Spectrogram is a spectral analysis view, and is called a spectrogram if it is for speech data. The horizontal coordinate of the speech spectrogram is time, the vertical coordinate is frequency. The coordinate point value is speech data energy. Since a two-dimensional plane is used to express three-dimensional information, the magnitude of the energy value is indicated by the color, and a darker color means the stronger the speech energy at that point.
Time-domain analysis and frequency-domain analysis of speech are two important methods of speech analysis, but both have limitations. Time-domain analysis has no intuitive understanding of the frequency characteristics of the speech signal. There is no relationship between the speech signal over time in the frequency-domain analysis. Speech spectrogram combines the advantages of time and frequency domains, clearly shows the change of speech spectrum over time. The horizontal axis of the spectrogram is time, the vertical axis is frequency. The strength of any given frequency component at a given moment is indicated by the color shade. Darker colors have larger spectral values, while lighter colors have smaller spectral values. Different degrees of black and white on the spectrogram form different patterns called voiceprints, which are different for different speakers and can be used for voiceprint recognition.
STEP1 Record Audio
Use pyaudio library to record audio and generate wav files. PyAudio provides Python language version of PortAudio, a cross-platform audio I/O library. With PyAudio you can play and record audio in Python programs. This provides Python bindings for PoTaTudio, a cross-platform audio I/O library. With PyAudio you can easily play and record audio on a variety of platforms using Python.
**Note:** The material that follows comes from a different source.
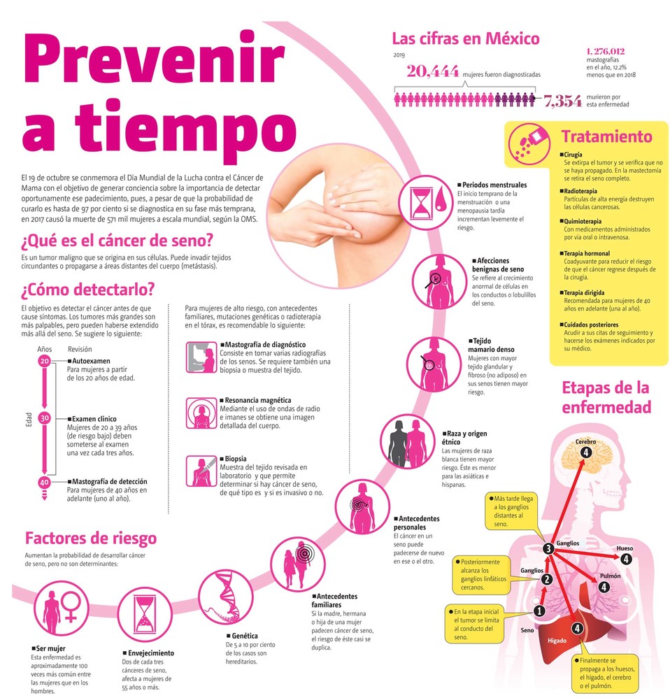En lo que va de 2019 se han registrado 7 mil 354 defunciones por cáncer de mama, la cifra más elevada en la historia del país y que representa un aumento de 19.6 por ciento en la tasa de mortalidad con respecto a 2018, debido a que se hicieron menos estudios de detección a través de mastografías en clínicas, servicios y caravanas de la salud a zonas marginadas.
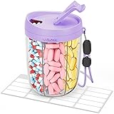 Portability for Active Lifestyles: This BPA-free travel pill organizer offers a simple solution for managing pills, saving both time and space. Designed for travelers, it is equipped with a nylon handle that supports up to 6KG, making it easy to carry or fit into your bag or side pocket Effortless Pill Access and Retrieval: Our supplement organizer features a wide mouth, a flexible lid, and a secure thread design. These 3 considerate designs allow you to efficiently and effortlessly store and retrieve pills Innovative Anti-mix Design: Our pill holder is crafted with a minimal gap of less than 1mm between the compartments and the upper lid, keeping pills separated in every compartment. Note: This organizer is not suitable for gummy vitamins. Please store it in a dry place, away from direct sunlight "5+1" Large Pill Organizer: This pill dispenser has 5 large compartments and 1 XL compartment. The XL compartment can hold 57 fish oil capsules (each 1.0" in length), while each large one can hold 24. Measuring 5.0" tall and with a lid diameter of 3.6" and a base diameter of 3.0", you can easily fit 6 kinds of pills or supplements into 1 pill box. The included 20 writable labels help you to organize and record pill details clearly Health-safe and BPA-free: Experience peace of mind with our BPA-free supplement organizer, meticulously crafted from food-grade materials for safe storage. AMOOS pill dispenser - your partner in health and style

To test the program, use pyaudio to record a 5-second sound file "output.wav".
import pyaudio
import wave
CHUNK = 1024
FORMAT = pyaudio.paInt16
CHANNELS = 2
RATE = 44100
RECORD_SECONDS = 5
WAVE_OUTPUT_FILENAME = "output.wav"
p = pyaudio.PyAudio()
stream = p.open(format=FORMAT,
channels=CHANNELS,
rate=RATE,
input=True,
frames_per_buffer=CHUNK)
print("* recording")
frames = []
for i in range(0, int(RATE / CHUNK * RECORD_SECONDS)):
data = stream.read(CHUNK)
frames.append(data)
print("* done recording")
stream.stop_stream()
stream.close()
p.terminate()
wf = wave.open(WAVE_OUTPUT_FILENAME, 'wb')
wf.setnchannels(CHANNELS)
wf.setsampwidth(p.get_sample_size(FORMAT))
wf.setframerate(RATE)
wf.writeframes(b''.join(frames))
wf.close()
STEP2 Batch Generation of Speech Maps
Use the Librosa library to batch generate spectrograms of all kinds of sounds, such as knocking at the door, running water from the faucet, babies crying, alarms, and more.
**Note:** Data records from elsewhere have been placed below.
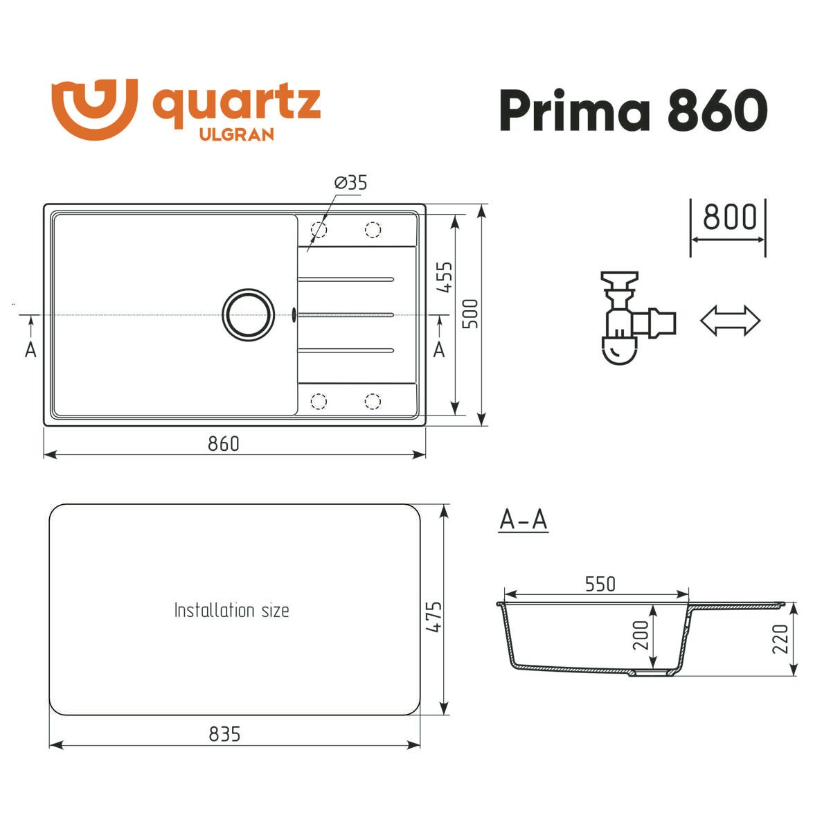 Купить Мойка ULGRAN Quartz Prima 860-07, уголь
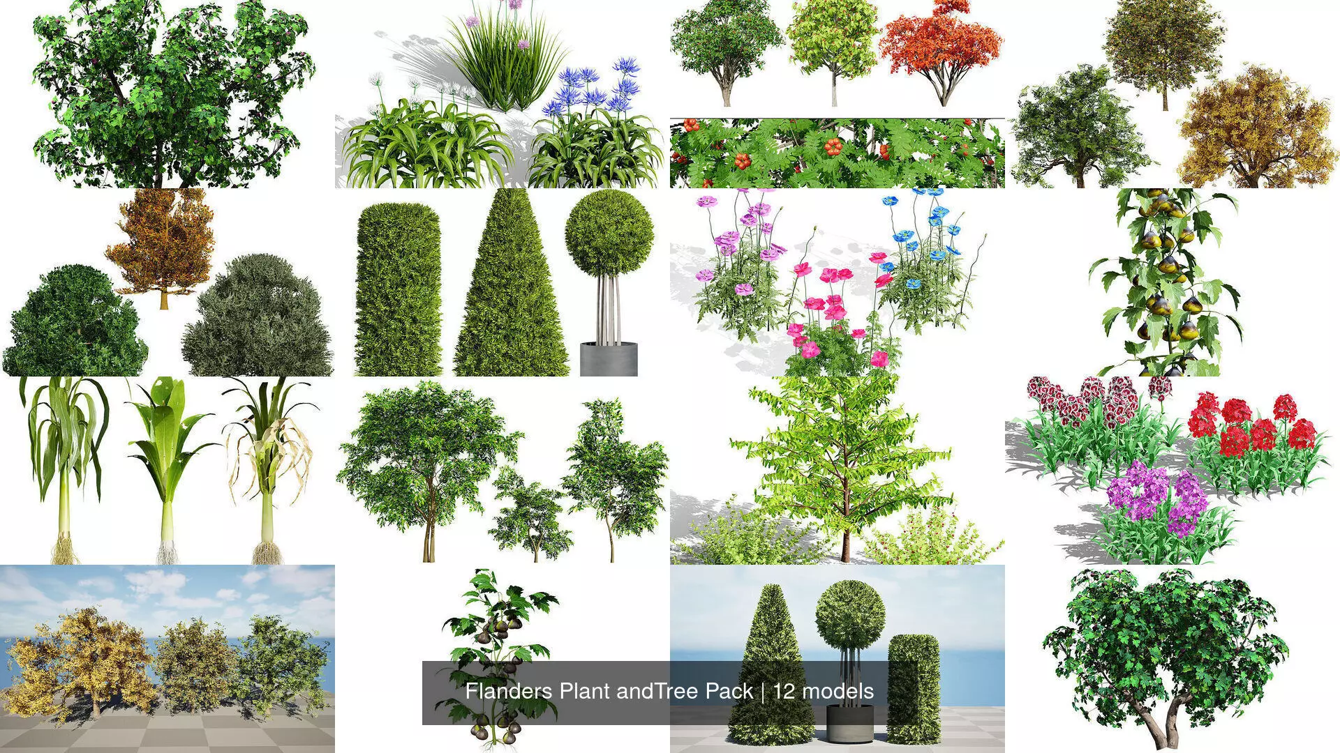 Enhance your 3D environments with this comprehensive collection of high-quality plant and tree models. This pack offers a diverse range of flora, perfect for adding realism and detail to your projects.
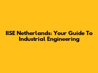 IISE Netherlands: Your Guide To Industrial Engineering

Librosa is a python toolkit for audio, music analysis, processing, some common time-frequency processing, feature extraction, drawing sound graphics and other features are available, very powerful.
Librosa Spectrogram
librosa.display.specshow(data, x_axis=None, y_axis=None, sr=22050, hop_length=512)
Parameters:
data: matrix to be displayed
sr: sampling rate
hop_length: frame shift
x_axis 、y_axis:x-axis and y-axis range
Frequency type:
'linear', 'fft', 'hz': frequency range determined by FFT window and sampling rate
'log': the spectrum is displayed on a logarithmic scale
'mel': the frequency is determined by the mel scale
Time type:
time: markers are displayed in milliseconds, seconds, minutes or hours. Values are plotted in seconds.
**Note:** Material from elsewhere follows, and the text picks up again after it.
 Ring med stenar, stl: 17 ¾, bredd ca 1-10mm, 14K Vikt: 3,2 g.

s: marker is displayed in seconds.
ms: marker is displayed in milliseconds.
All frequency types are plotted in Hz.
import pyaudio
import numpy as np
import matplotlib.pyplot as plt
from tqdm import tqdm
from matplotlib.backends.backend_agg import FigureCanvasAgg as FigureCanvas
import librosa.display
import pandas as pd
import librosa
def record_audio(record_second):
global wave
CHUNK = 1024
FORMAT = pyaudio.paInt16
CHANNELS = 1
RATE = 44100
p = pyaudio.PyAudio()
stream = p.open(format=FORMAT,
channels=CHANNELS,
rate=RATE,
input=True,
frames_per_buffer=CHUNK)
audio_data = []
print("* recording")
for i in tqdm(range(0, int(RATE / CHUNK * record_second))):
data = stream.read(CHUNK)
audio_data.append(data)
audio_samples = librosa.core.samples_to_frames(
np.frombuffer(b''.join(audio_data), dtype=np.int16),
CHANNELS,
hop_length=CHUNK
)
wave = audio_samples[5500:5500+int(1 * RATE)]/2**16
print("* done recording")
stream.stop_stream()
stream.close()
p.terminate()
for i in range(50):
record_audio(record_second=2)
window_size = 1024
window = np.hanning(window_size)
stft = librosa.core.spectrum.stft(wave, n_fft=window_size, hop_length=512, window=window)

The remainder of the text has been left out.